Oddly, there is some disagreement over whether the rowing machine or treadmill is most efficient at helping individuals shed unwanted pounds. At first glance, the rowing machine would be the winner because it works more of the major muscle groups, and the more muscles that are being used, the more calories you burn.
Some people, however, find that they can’t sustain the prolonged resistance required to use an indoor rower for very long (perhaps 20 minutes) while they can run or jog on a treadmill for an hour with no problem.
In this case, you’re burning more fat because you’re sustaining your efforts over time. Try out both a rowing machine and a treadmill if you can at your local gym and see how long you can comfortably use each one.

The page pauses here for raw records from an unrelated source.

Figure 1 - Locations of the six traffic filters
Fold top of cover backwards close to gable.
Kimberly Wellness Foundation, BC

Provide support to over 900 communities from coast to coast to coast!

In the debate of rowing machine or treadmill in terms of ease of use, the treadmill wins. You simply choose how fast you want to walk, run or jog, step on the treadmill deck and start moving.

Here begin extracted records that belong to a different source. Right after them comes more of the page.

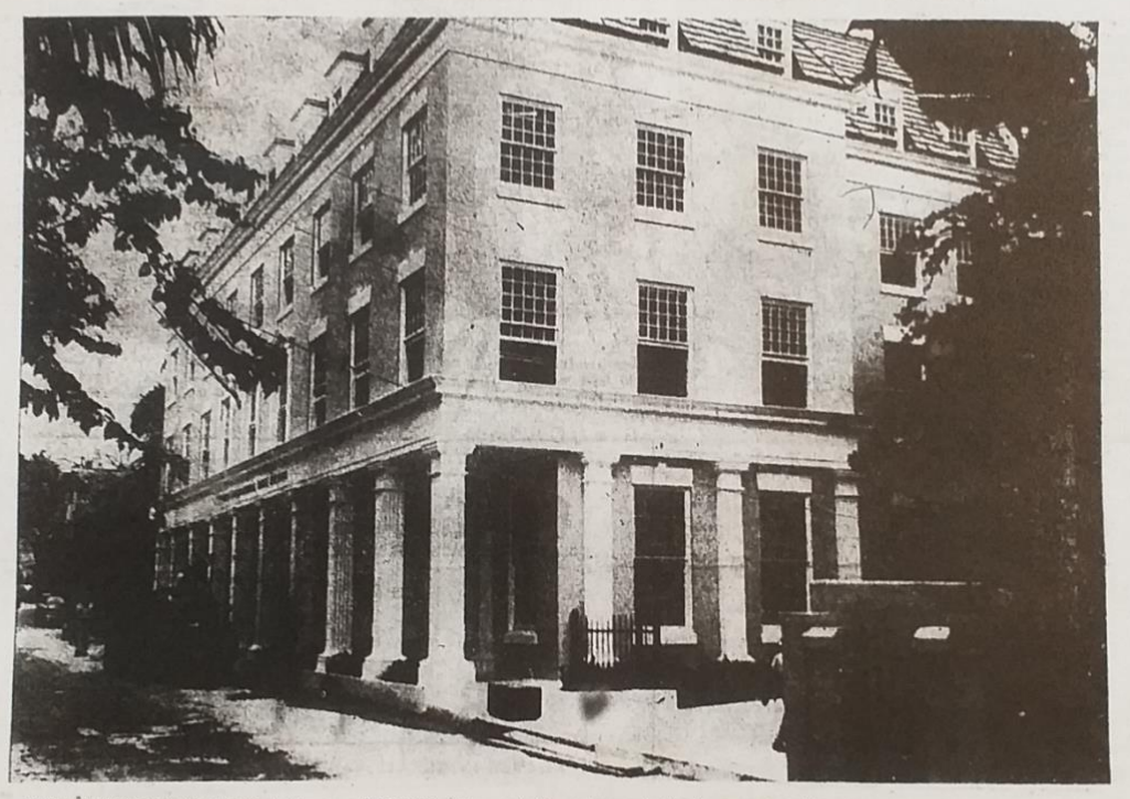
EAST STREET ENTRANCE to the new BITCO Building, and the entrance to the basement parking garage on the extreme right.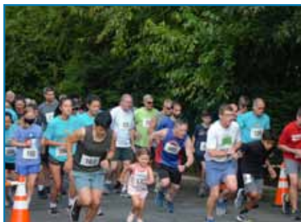
The 5K Race 1 mile Fun Run was a huge success, bringing lots of runners for fun and charity!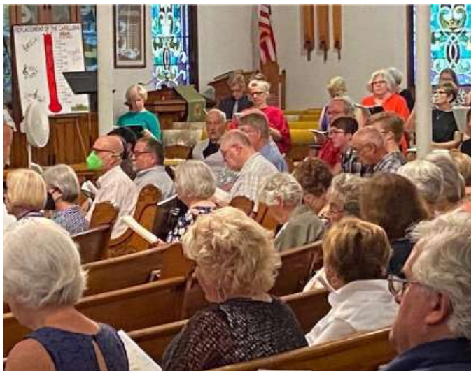
The 2022 Salem Gymanfa

The Venedocia Salem Presbyterian Church will be celebrating a longtime community event with its 106th Gymanfa Ganu on Sunday, September 3rd.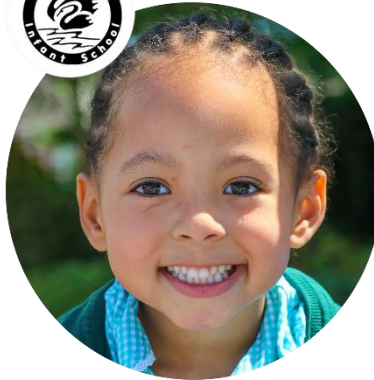
Emmbrook Infant School

Rowing machines, on the other hand, can be difficult to get the hang of, particularly if you haven’t tried rowing before. Some people use an indoor rower for weeks before discovering that they’ve been using improper form, and it takes a long time to relearn correct technique. Rowing isn’t instinctive, while running is something almost anyone can do.
Using a rowing machine definitely wins in the “toning” challenge. While you do get an excellent aerobic workout from both machines, a rower uses resistance and a treadmill does not. Resistance is instrumental in toning and sculpting muscles, so if you not only want to lose weight, but also tighten up those flabby areas, an indoor rower is the right choice.
Of course, if you’re also doing resistance work on other exercise equipment or with free weights, you don’t necessarily have to choose between a rowing machine or treadmill, although you’ll get more resistance if you use both weights and an indoor rower.
You’ll also discover that rowing machines work more areas of your body, which means you’re toning every region of your body. While you can get a good lower body workout from both indoor rowers and treadmills, a rowing machine also works the abdominal muscles and upper body muscles, something you won’t get by walking or running on a treadmill.
Both machines can be a successful part of your cross training routine, so you don’t have to choose between a rowing machine or treadmill if you’re using them to augment other types of exercise that will ensure you’re using all of the muscle groups and doing interval training. If this is the only exercise you’ll be doing, a rowing machine edges out a treadmill because it’s a more complete workout.